There are about 35 variables in the core weather data. However, not all of them are used by EnergyPlus. Actually, despite of date and time columns, only 13 columns are used:

  1. dry bulb temperature

  2. dew point temperature

  3. relative humidity

  4. atmospheric pressure

  5. horizontal infrared radiation intensity from sky

  6. direct normal radiation

  7. diffuse horizontal radiation

  8. wind direction

  9. wind speed

  10. present weather observation

  11. present weather codes

  12. snow depth

  13. liquid precipitation depth

Note the hour column in the core weather data corresponds to the period from (Hour-1)th to (Hour)th. For instance, if the number of interval per hour is 1, hour of 1 on a certain day corresponds to the period between 00:00:01 to 01:00:00, Hour of 2 corresponds to the period between 01:00:01 to 02:00:00, and etc. Currently, in EnergyPlus the minute column is not used to determine currently sub-hour time. For instance, if the number of interval per hour is 2, there is no difference between two rows with following time columns (a) Hour 1, Minute 0; Hour 1, Minute 30 and (b) Hour 1, Minute 30; Hour 1, Minute 60. Only the number of rows count. When EnergyPlus reads the EPW file, both (a) and (b) represent the same time period: 00:00:00 - 00:30:00 and 00:30:00 - 01:00:00. Missing data on the weather file used can be summarized in the eplusout.err file, if DisplayWeatherMissingDataWarnings is turned on in Output:Diagnostics object. In EnergyPlus, missing data is shown only for fields that EnergyPlus will use. EnergyPlus will fill some missing data automatically during simulation. Likewise out of range values are counted for each occurrence and summarized. However, note that the out of range values will not be changed by EnergyPlus and could affect your simulation.

Epw class provides methods to easily extract and inspect those abnormal (missing and out of range) weather data and also to know what kind of actions that EnergyPlus will perform on those data.

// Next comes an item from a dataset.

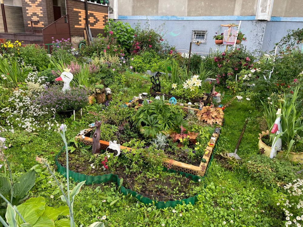 А еще у нас возле дома в цветниках вот такая красота каждый год (еще и обновляют все). Фигурки, игрушки, цветы, елки, лебеди из покрышек и дерева, скворечники и тд. Маленькие детки подходят и разглядывают, пальчиком тыкают. Это так забавно! Фасад дома у нас расписан детскими рисунками (на фото не видно), тоже прикольно. Глаз радует!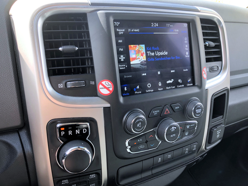 Alle wielen kunnen drijven, en het torretje is van Hemi, 5.7 litertjes, dat is een must. En de benzine is hier al niet al te prijzig, maar word op dit moment nog goedkoper door het [mexicaanse bier] virus. En de dollar zakt mee, dus we worden hier slapende rijk 😉. Het parkeren van het beest is wel even wennen, want hij is nog wat lomper dan de gemiddelde Suburban of Expedition, en ook de instap is een stukje hoger, maar dit komt ten goede aan het uitzicht, want je kijkt vrij makkelijk over de voornoemde grote SUV’s heen. Behalve het rommelde geluid buiten de auto wil het van binnen ook wel rommelen, er zit een knappe stereo in die geweldige muziek afspeelt. Dat kan ook niet anders, want die muziek komt van mijn telefoon 😊. Op het bedieningspaneel, voorzien van veel knoppen en touchscreen zit ook de versnellingspook, dit geval een draaiknop. Dat is even wennen. En er zit zelfs een 115V stopcontact naast de gebruikelijke 12V en USB-uitgangen. Dat je het maar hebt.

EnergyPlus energy model calibration often uses actual measured weather data. In order to streamline the error-prone process of creating custom EPW file, Epw provides methods to direction add, replace the core weather data.

Usage

epw <- read_epw(path)
epw$location(city, state_province, country, data_source, wmo_number, latitude,
             longitude, time_zone, elevation)
epw$design_condition()
epw$typical_extreme_period()
epw$ground_temperature()
epw$holiday(leapyear, dst, holiday)
epw$comment1(comment)
epw$comment2(comment)
epw$num_period()
epw$interval()
epw$period(period, name, start_day_of_week)
epw$missing_code()
epw$initial_missing_value()
epw$range_exist()
epw$range_valid()
epw$fill_action()
epw$data(period = 1L, start_year = NULL, tz = "UTC", update = FALSE)
epw$abnormal_data(period = 1L, cols = NULL, keep_all = TRUE,
                  type = c("both", "missing", "out_of_range"))
epw$redundant_data()
epw$make_na(period = NULL, missing = FALSE, out_of_range = FALSE)
epw$fill_abnormal(period = NULL, missing = FALSE, out_of_range = FALSE, special = FALSE)
epw$add_unit()
epw$drop_unit()
epw$purge()
epw$add(data, realyear = FALSE, name = NULL, start_day_of_week = NULL, after = 0L, warning = TRUE)
epw$set(data, realyear = FALSE, name = NULL, start_day_of_week = NULL, period = 1L, warning = TRUE)
epw$del(period)
epw$clone(deep = TRUE)
epw$is_unsaved()
epw$save(path, overwrite = FALSE)
epw$print()
print(epw)

Read

epw <- read_epw(path)

Arguments

  • path: Path of an EnergyPlus EPW file.

Query and Modify Header

LOCATION Header

epw$location(city, state_province, country, data_source, wmo_number, latitude,
             longitude, time_zone, elevation)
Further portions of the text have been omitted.